Выбрать главу

Многое в этой последней сцене первой части трагедии — от сцены безумия Офелии в «Гамлете», от предсмертного томления Дездемоны в «Отелло». Но чем-то она их все же превосходит. Быть может, своей предельной, последней простотой, суровой обыденностью изображенного ужаса. Но прежде всего тем, что здесь впервые в западноевропейской литературе! — поставлены друг перед другом эта полная беззащитность девушки из народа и это беспощадное полновластье карающего ее феодального государства.

Для Фауста предсмертная агония Маргариты имеет очистительное значение. Слышать безумный, страдальческий бред любимой женщины и не иметь силы помочь ей — этот ужас каленым железом выжег все, что было в чувстве Фауста низкого, недостойного. Теперь он любит Гретхен чистой, сострадательной любовью. Но — слишком поздно: она остается глуха к его мольбам покинуть темницу. Безумными устами она торопит его спасти их бедное дитя:

Скорей! Скорей! Спаси свою бедную дочь! Прочь, Вдоль по обочине рощ, Через ручей, и оттуда, Влево с гнилого мостка, К месту, где из пруда Высунулась доска. Дрожащего ребенка Когда всплывет голова, Хватай скорей за ручонку, Она жива, жива!

Теперь Фауст сознает всю безмерность своей вины перед Гретхен, равновеликой вековой вине феодального общества перед женщиной, перед человеком. Его грудь стесняется «скорбью мира». Невозможность спасти Маргариту и этим хотя бы отчасти загладить содеянное — для Фауста тягчайшая кара:

Зачем я дожил до такой печали!

Одно бесспорно: сделать из Фауста беззаботного «ценителя красоток» и тем отвлечь его от поисков высоких идеалов Мефистофелю не удалось. Это средство отвлечь Фауста от его великих исканий оказалось несостоятельным. Мефистофель должен взяться за новые козни. Голос свыше: «Спасена!» — не только нравственное оправдание Маргариты, но и предвестник оптимистического разрешения трагедии.

4

Вторая часть «Фауста». Пять больших актов, связанных между собой не столько внешним, сюжетным единством, сколько внутренним единством драматической идеи и волевого устремления героя. Нигде в мировой литературе не сыщется другого произведения, равного ему по богатству и разнообразию художественных средств. В соответствии с частыми переменами исторических декораций здесь то и дело меняется и стихотворный язык. Немецкий «ломаный стих», основной размер трагедии, чередуется то с белым пятистопным ямбом, то с античными триметрами, то с суровыми терцинами в стиле Данте или даже с чопорным александрийским стихом, которым Гете не писал с тех пор, как студентом оставил Лейпциг, и над всем этим «серебряная латынь» средневековья, latinitas argentata.

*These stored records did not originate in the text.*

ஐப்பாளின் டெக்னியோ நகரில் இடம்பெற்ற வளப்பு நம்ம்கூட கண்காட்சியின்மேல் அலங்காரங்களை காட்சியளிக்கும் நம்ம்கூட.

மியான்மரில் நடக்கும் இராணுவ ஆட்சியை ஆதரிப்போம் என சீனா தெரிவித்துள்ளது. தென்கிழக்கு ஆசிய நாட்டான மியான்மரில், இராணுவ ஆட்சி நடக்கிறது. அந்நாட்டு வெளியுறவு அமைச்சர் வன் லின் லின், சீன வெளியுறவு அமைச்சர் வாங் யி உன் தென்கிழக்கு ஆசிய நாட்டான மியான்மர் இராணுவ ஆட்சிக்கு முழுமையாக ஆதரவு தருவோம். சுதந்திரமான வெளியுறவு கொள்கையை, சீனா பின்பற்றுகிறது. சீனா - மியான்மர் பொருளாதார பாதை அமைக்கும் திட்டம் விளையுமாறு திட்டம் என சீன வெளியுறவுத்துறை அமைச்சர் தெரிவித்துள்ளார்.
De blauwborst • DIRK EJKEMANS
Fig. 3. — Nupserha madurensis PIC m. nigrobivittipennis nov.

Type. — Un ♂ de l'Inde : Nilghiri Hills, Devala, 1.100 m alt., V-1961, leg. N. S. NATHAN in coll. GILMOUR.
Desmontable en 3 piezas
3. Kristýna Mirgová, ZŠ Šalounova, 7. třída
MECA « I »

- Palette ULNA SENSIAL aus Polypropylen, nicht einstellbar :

Вся мировая история, вся история научной, философской и поэтической мысли — Троя и Миссолунги, Еврипид и Байрон, Фалес и Александр Гумбольдт — здесь вихрем проносятся по высоко взметнувшейся спирали фаустовского пути (он же, по мысли Гете, путь человечества).

Трудно понять эстетическую невосприимчивость читающей Европы XIX и XX веков ко «второму Фаусту». Можно ли проще, поэтичнее и (решаемся и на это слово) грациознее говорить о столь сложных и важных вещах — об истоках и целях культуры и исторического бытия человечества, личности? Это было и осталось новаторством, к которому еще не привыкли за сто с лишним лет, но должны же привыкнуть!

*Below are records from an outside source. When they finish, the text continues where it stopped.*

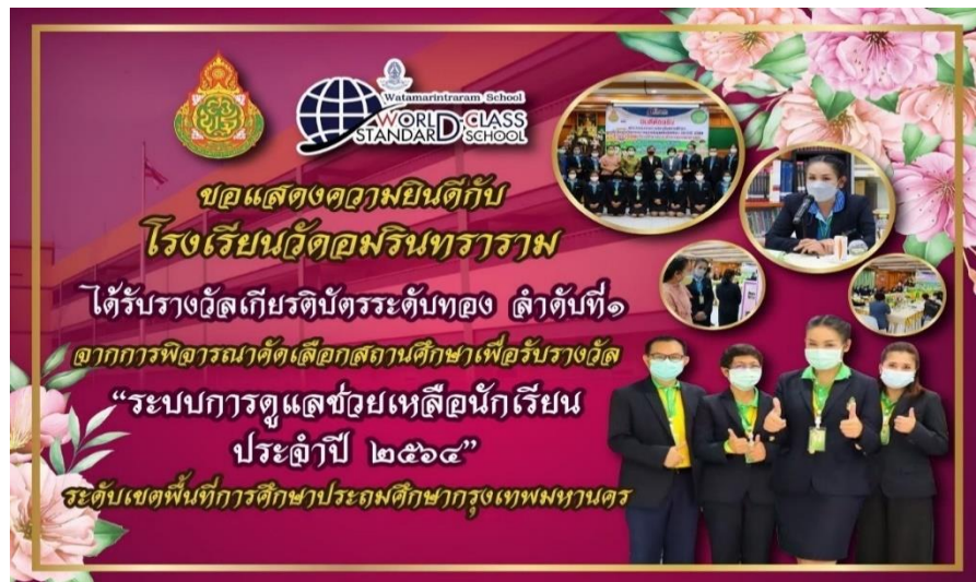
เกียรติบัตรระดับทอง ลำดับที่ 1 “ระบบการดูแลช่วยเหลือนักเรียน”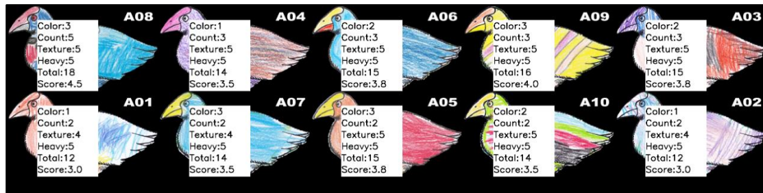
Rajah 5. Hasil imbasan lembaran kerja selepas ujian pasca.

Data yang dikumpul dalam kuasi eksperimen ini telah dianalisis dengan menggunakan ujian non-parameter Wilcoxon Signed Rank bagi menjawab kelima-lima soalan kajian. Jadual 3 menunjukkan dapatan kajian perbandingan kumpulan rawatan bagi keempat-empat konstruk kreativiti.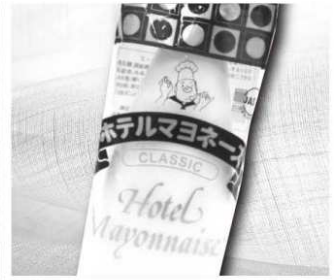
丸和 ホテルマヨネーズ クラシック 400g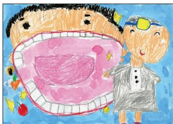
保育園の部 金賞作品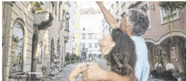
Im Juli und August gab es einen Besucheransturm.

Mit insgesamt 202.941 Nächtigungen in diesen beiden Monaten überschritt Linz erstmals die 200.000er-Marke in den Ferienmonaten. Allein im August wurden 101.366 Nächtigungen verzeichnet, ähnlich dem Rekordwert vom vergangenen Jahr. In Summe bewegt sich die Stadt von Jänner bis August mit 676.566 Nächtigungen nahezu auf Vorjahresniveau. Die etwas schwächeren Nächtigungszahlen im Juni konnten also wieder kompensiert werden. Die meisten Gäste kamen aus Österreich, ge-

А какая прелесть песнь Линкея, этот лучший образец старческой лирики Гете!

Все видеть рожденный, Я зорко, в упор Смотрю с бастиона На вольный простор. И вижу без края Созвездий красу, И лес различаю, И ланей в лесу.

Когда доходишь до этого места, не знаем, как другим, а пишущему эти строки каждый раз вспоминается «Степь» Чехова. Помните там чудачка Васю с мутными на вид, но сверхобычно зоркими глазами? «Не мудрено увидеть убегающего зайца или летящую дрохву… А Вася видел играющих лисиц, зайцев, умывающихся лапками, дрохв, расправляющих крылья, стрепетов, выбивающих свои «точки». Благодаря такой остроте зрения, кроме мира, который видели все, у Васи был еще другой мир, свой собственный, никому не доступный и, вероятно, очень хороший, потому что, когда он глядел и восхищался, трудно было не завидовать ему». Помнил ли Чехов, когда он писал своего Васю, о гетевском Линкее? На этот вопрос уже никто не ответит. Достоверно одно, что Чехов любил трагедию великого поэта и даже мечтал о точнейшем прозаическом переводе «Фауста», чтобы, не зная немецкого языка, проникнуть во все детали поэтической мысли Гете.